Centrica resumed dividend payments for the first time since the start of the pandemic as profits from selling oil and natural gas rose six-fold.
Adjusted operating profit climbed to £857 million ($1 billion) as the company’s North Sea business and its stake in the UK’s nuclear fleet benefited from soaring gas and power prices. The dividend will be restarted at 1 pence per share and the company expects to pay roughly one third of the full year amount as an interim, according to a statement.
The payout to shareholders could draw political backlash as it comes on the heels of Britain’s windfall tax on the profits of oil and gas producers. Surging earnings from oil companies including Shell are a direct result of the high energy prices that have stoked inflation, piled pressure on consumers and led to predictions of a Europe-wide recession.
“We are very aware of the difficult environment many customers are facing and we will continue supporting them”, said Centrica Chief Executive Officer Chris O’Shea, adding that he expects growth to continue in the second half of the year.
Centrica expects earnings per share to be at the top end of analyst expectations 10.1-15 pence for the full year.

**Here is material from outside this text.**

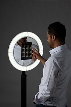 iPad Photo Booth Stand with Light Ring – 19” Dimmable LED for Social Engagement

“This appears to be an exceptionally strong set of results from Centrica and the return to dividends should be well received,” said John Musk, analyst at RBC Europe Ltd.
The Windsor-based company rejoined the FTSE 100 in May after a stellar run in its share price. Centrica, which is the parent of British Gas, has said that it expects earnings to surge this year on the back of rising energy prices. Bumper profits for such a high-profile UK firm are likely to draw criticism from fuel-poverty groups, who are hearing more from people worried about mounting debts.
Calls are growing for the government to do more to help people deal with record high energy bills. Lawmakers warned this week that a planned £400 discount on energy bills for every household in October won’t be enough to support lower-income families.
However, profits at the company’s British Gas unit that supplies consumers fell 43% to £98 million in the first half of the year amid “high and volatile prices” that sent many providers out of business.
“We continue to believe we need to see significant change to address the underlying issues in the UK’s complex energy regulations,” Centrica said in the statement. The impact of a 3% drop in customer numbers and customers switching to the default price cap tariff negatively impacted adjusted operating profit by about £20 million.
Centrica’s market value has grown to £5.3 billion from £2.7 billion in 2020, data compiled by Bloomberg show, though that’s still far off its £18 billion valuation in 2013. Centrica scrapped its dividend two years ago as the impact of Covid-19 rippled through the industry and forecasts for lower earnings and increased competition dragged its shares down.
Centrica received first approval earlier this month to re-open gas storage site Rough. The cost of converting it back to holding gas before altering it to a hydrogen storage asset is expected to be £2 billion.